> Exercise requirements: From the entries below, print exactly the span beginning with the line holding "1月11日(日)、17日(土" and ending with the line holding "Artinya: ‚Danjanganlah kamu", endpoints included, and skip any pictures.

> Input for this task:
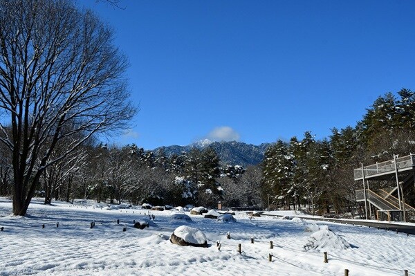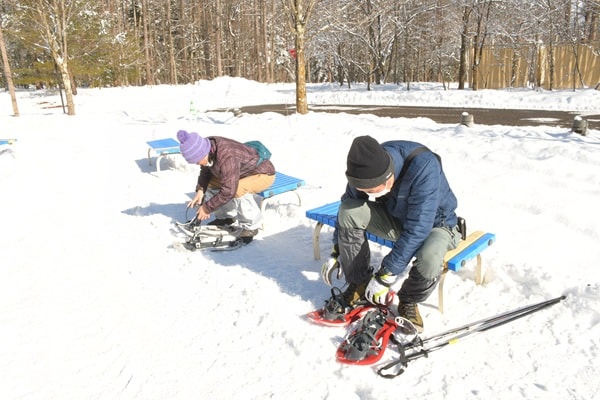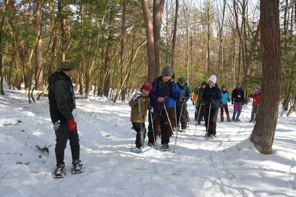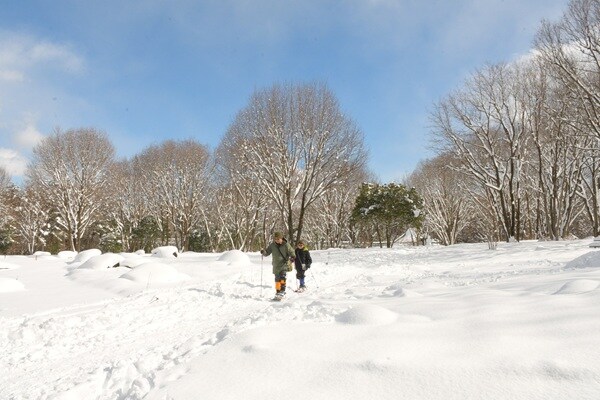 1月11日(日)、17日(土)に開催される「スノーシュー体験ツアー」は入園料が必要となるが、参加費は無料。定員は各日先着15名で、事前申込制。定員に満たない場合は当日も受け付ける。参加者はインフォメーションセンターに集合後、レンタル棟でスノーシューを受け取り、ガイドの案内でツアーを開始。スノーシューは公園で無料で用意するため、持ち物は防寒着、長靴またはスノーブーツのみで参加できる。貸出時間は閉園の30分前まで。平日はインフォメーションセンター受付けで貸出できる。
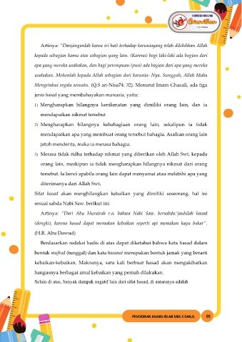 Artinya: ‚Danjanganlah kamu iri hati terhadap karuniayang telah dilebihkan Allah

--

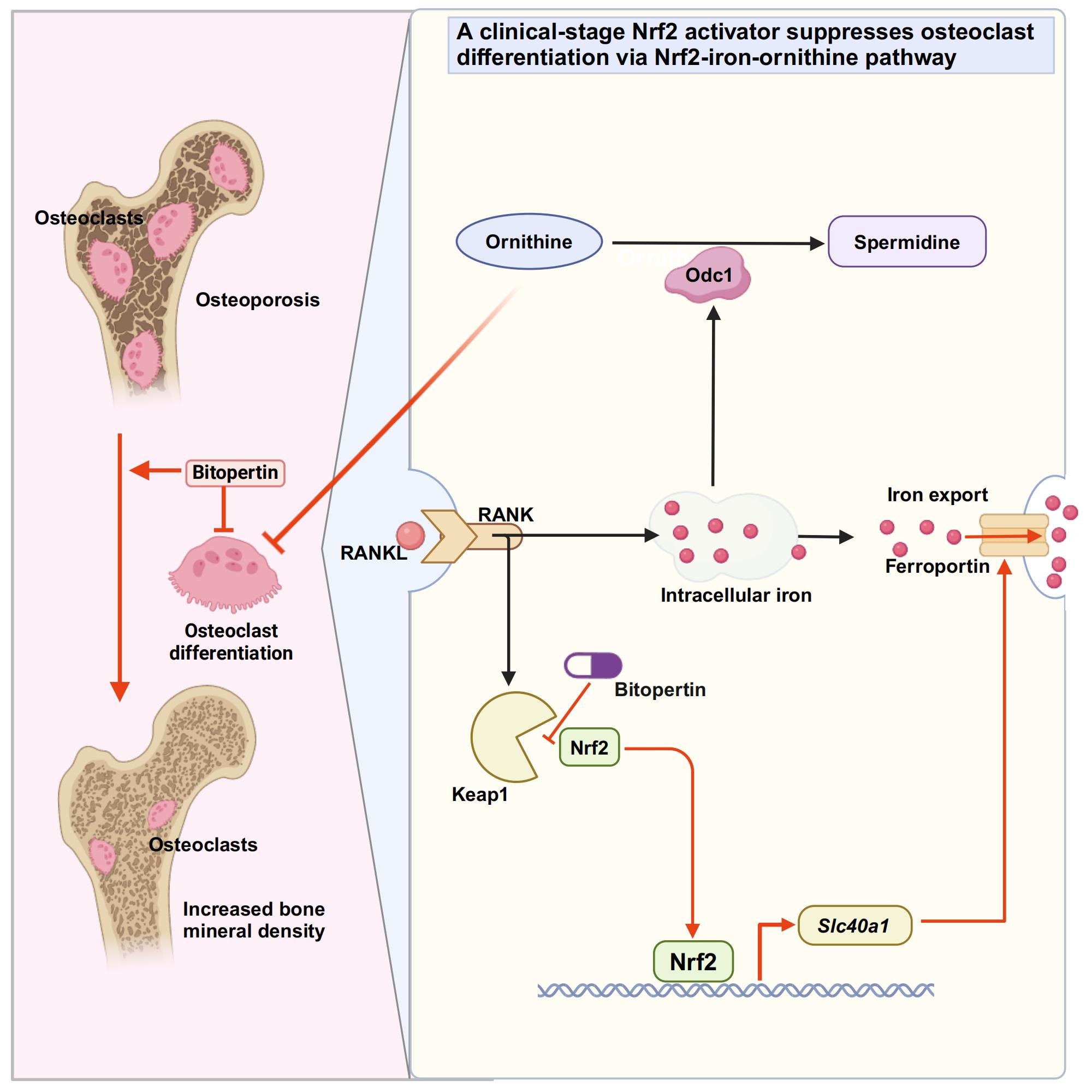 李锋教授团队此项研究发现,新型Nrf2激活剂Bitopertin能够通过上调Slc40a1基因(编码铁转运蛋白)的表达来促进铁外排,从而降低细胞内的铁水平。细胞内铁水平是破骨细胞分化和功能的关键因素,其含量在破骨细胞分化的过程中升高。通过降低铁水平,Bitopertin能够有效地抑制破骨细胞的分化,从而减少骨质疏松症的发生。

> Task output:
 1月11日(日)、17日(土)に開催される「スノーシュー体験ツアー」は入園料が必要となるが、参加費は無料。定員は各日先着15名で、事前申込制。定員に満たない場合は当日も受け付ける。参加者はインフォメーションセンターに集合後、レンタル棟でスノーシューを受け取り、ガイドの案内でツアーを開始。スノーシューは公園で無料で用意するため、持ち物は防寒着、長靴またはスノーブーツのみで参加できる。貸出時間は閉園の30分前まで。平日はインフォメーションセンター受付けで貸出できる。
 Artinya: ‚Danjanganlah kamu iri hati terhadap karuniayang telah dilebihkan Allah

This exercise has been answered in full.